I’ve just acquired this slim volume from an Amazon reseller, and I’m a little saddened to see, from an ex libris sticker, that it came from the library of Prinknash Abbey. It even has some annotations in a beautiful neat monkish hand (not illuminated, unfortunately). The few monks I’ve ever spoken to have proven to be intriguing, fascinating individuals and this piece of evidence makes me worried that something horrible has happened to their library.
The first part is a glorious object lesson in ranting. As the object of a good sex session is to keep the recipient of your attentions just before the peak of orgasm until the final exposive moment, and the keep the tension and the anticipation building, the object of a good rant is to convince the reader for as long as possible that you are about to turn apoplectic without, in this case, it ever happening. And so far as it goes, it’s a wonderfully entertaining read. As good as Charlie Brooker. However, and here I have a confession, halfway through, Leavis enlists the aid of Lawrence, Eliot and Ruskin, and I find myself totally out of my depth. So it’s time for me to add, once more to the reading list.
There’s an interesting second essay in the volume, by Michael Yudkin, which while critical of Snow in no uncertain terms is much less ranty and more direct. While still (justifiably) accusing Snow of missing the point, it makes two egregious errors:
1. The assumption that science and technology are the same thing, and that understanding of science cannot, of itself, add to literature, since science is mere knowledge and does not speak to the human condition; and
2. The assumption that, unfortunately, the scientific “culture” is the one which will, if there is no bridge created, prevail.

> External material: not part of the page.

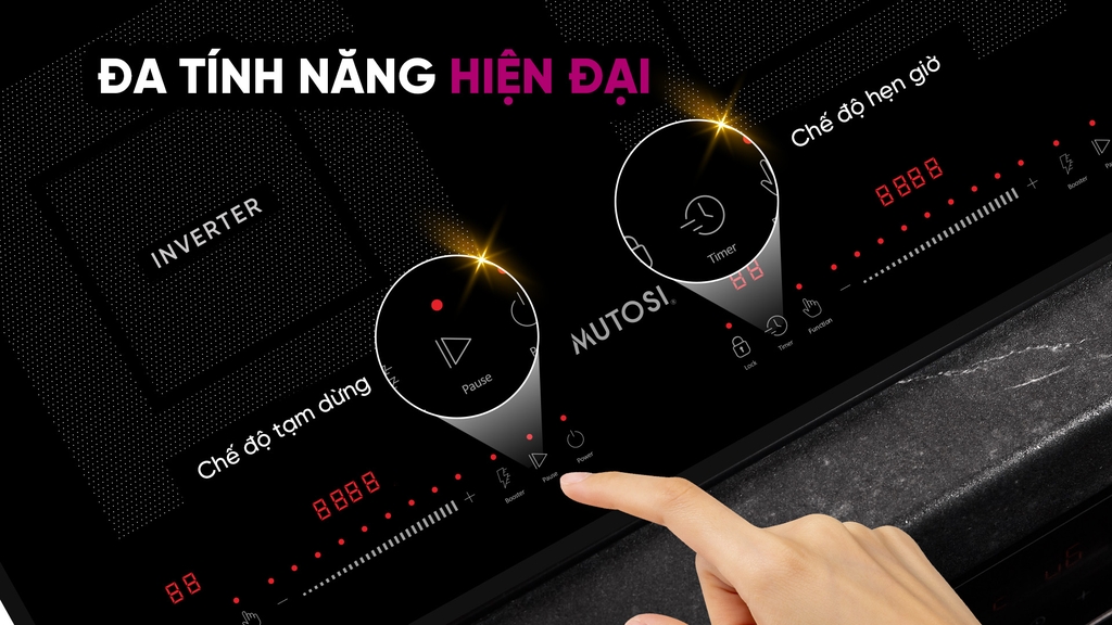 - Bếp từ Mutosi còn đem tới sự an tâm tuyệt đối cho người dùng khi được tích hợp một loạt các tính năng cảnh thông minh như:

The second I have already addressed. The first is more interesting. Science can inform literature in a number of ways:
1. In its most basic “technology” sense, it can posit alternative worlds or new inventions which can be the setting for (much of the dullest kind) of science fiction;
2. Scientific metaphors can enliven literature. When I’ve thought of some examples I’ll insert them.
3. Science can be the basis of literature. I don’t hesitate to say that Oliver Sacks, or Primo Levi’s writings count as literature.

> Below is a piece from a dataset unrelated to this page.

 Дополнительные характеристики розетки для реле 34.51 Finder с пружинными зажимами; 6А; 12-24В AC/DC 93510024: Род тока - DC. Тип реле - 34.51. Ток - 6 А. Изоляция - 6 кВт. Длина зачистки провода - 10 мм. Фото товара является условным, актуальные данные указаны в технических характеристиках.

4. Science in itself can be beautiful. The theory of evolution is beautiful. That something so simple can have such fascinating consequences is beautiful. It transcends pure knowledge. It generates an urge to know more, to explore, and to wonder. Mathematics can be beautiful. In its most basic sense, a simple formula or algorithm can generate beautiful images (like the Mandelbrot set, or a logarithmic spiral). In a deeper sense, a theorem or equation can be beautiful and beguiling. It can show us glimpses of deeper symmetries and connections, and dare us to discover more, and open our eyes to possibility. Isn’t that what great literature does?